GeCKO screening provides a mechanistically distinct method to RNAi for systematic perturbation of gene function. Whereas RNAi reduces protein expression by targeting RNA, GeCKO introduces loss-of-function mutations into genomic DNA. While some indel mutations are expected to maintain the reading frame, homozygous knockout yields high screening sensitivity, which is especially important in cases where incomplete knockdown retains gene function. In addition, RNAi is limited to transcripts, whereas Cas9:sgRNAs can target elements across the entire genome, including promoters, enhancers, introns, and inter-genic regions.
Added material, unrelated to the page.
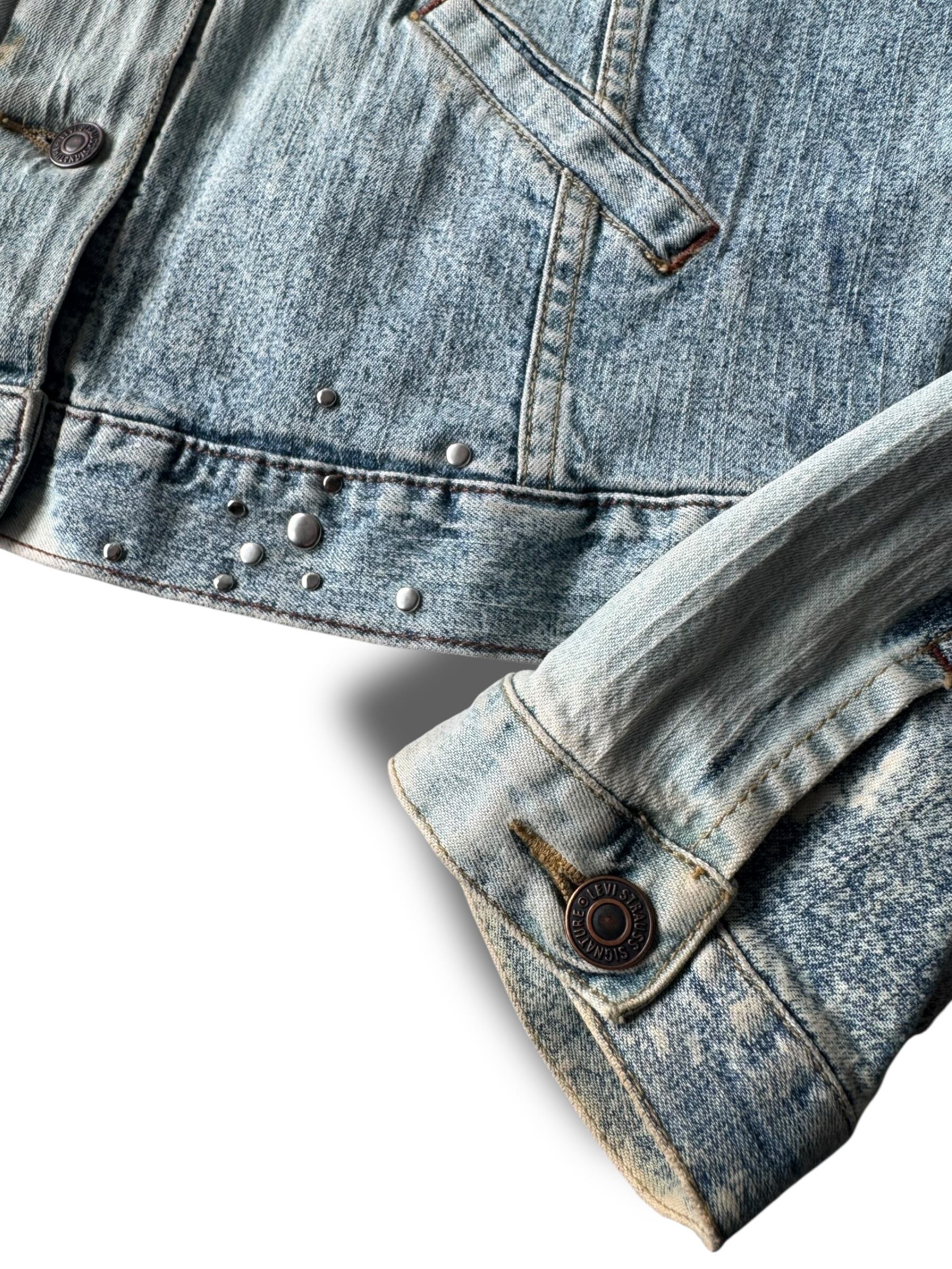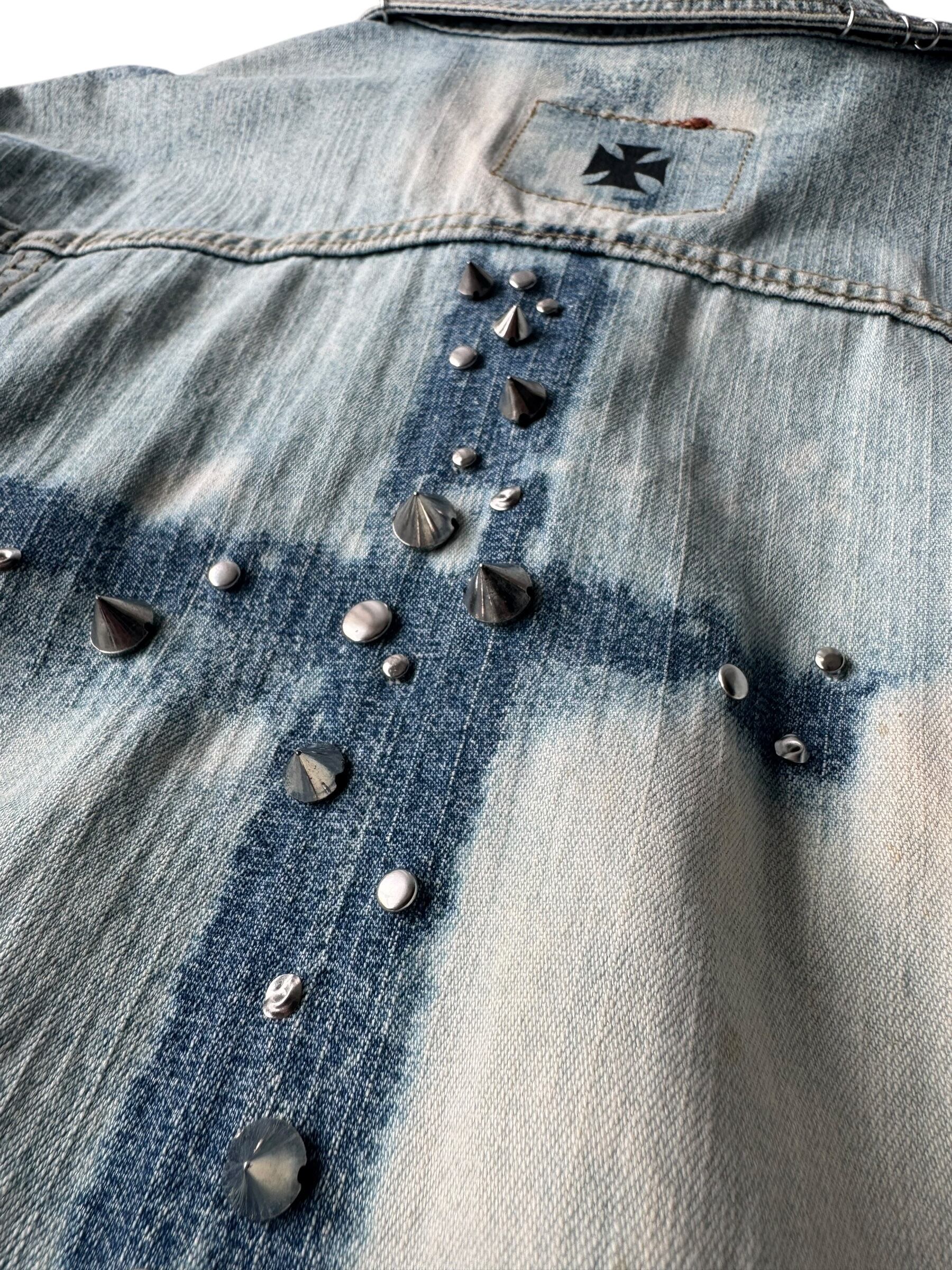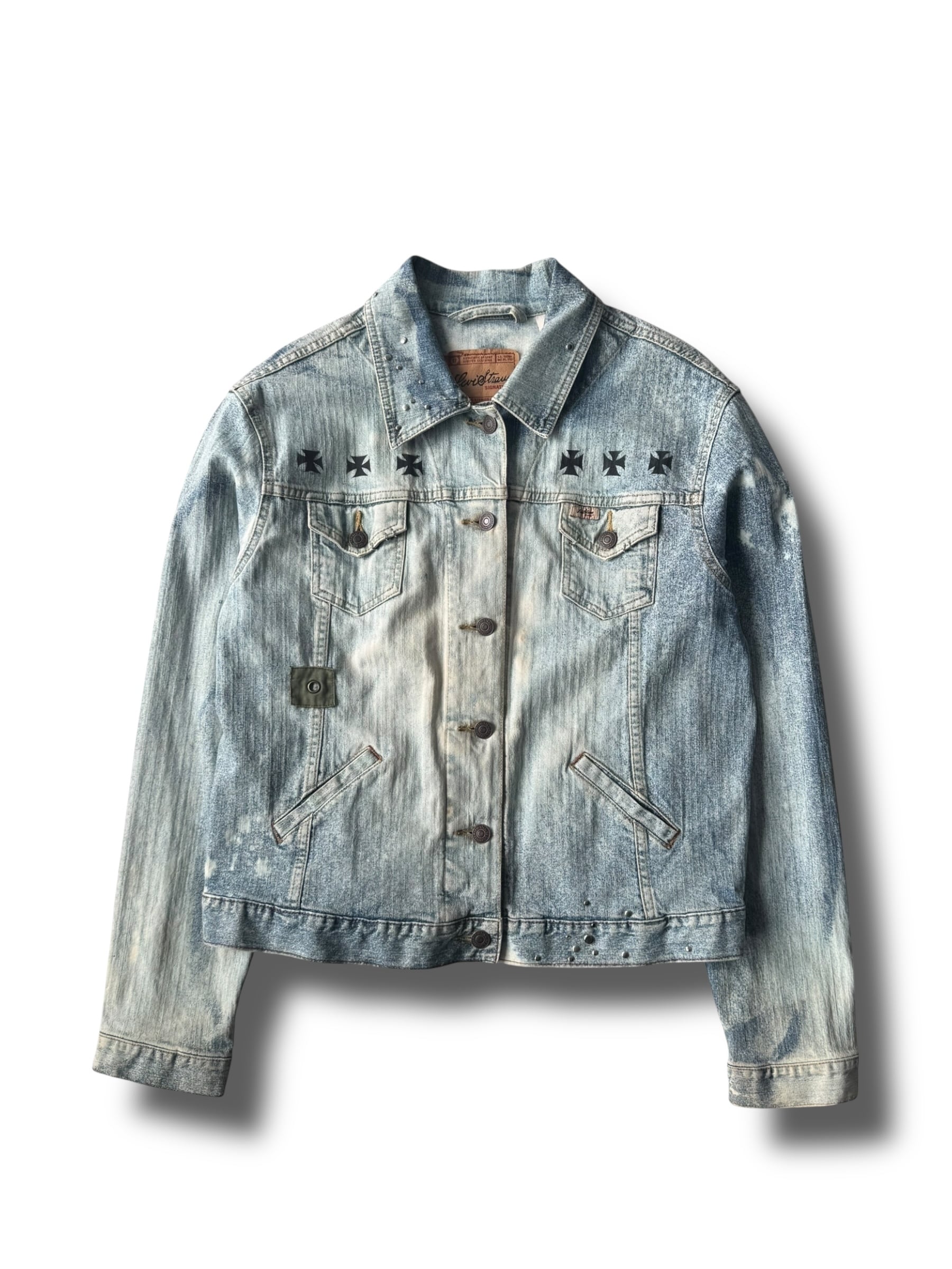 ♾LEVI’S♾ Studded cross design denim jacket size L

Furthermore, catalytically inactive mutants of Cas9 can be tethered to different functional domains (23–27) to broaden the repertoire of perturbation modalities, including genome-scale gain-of-function screening using Cas9-activators and epigenetic modifiers. In the GeCKO screens presented here, the efficiency of complete knockout, the consistency of distinct sgRNAs, and the validation rate for top screen hits demonstrate the potential of Cas9:sgRNA-based technology to transform functional genomics.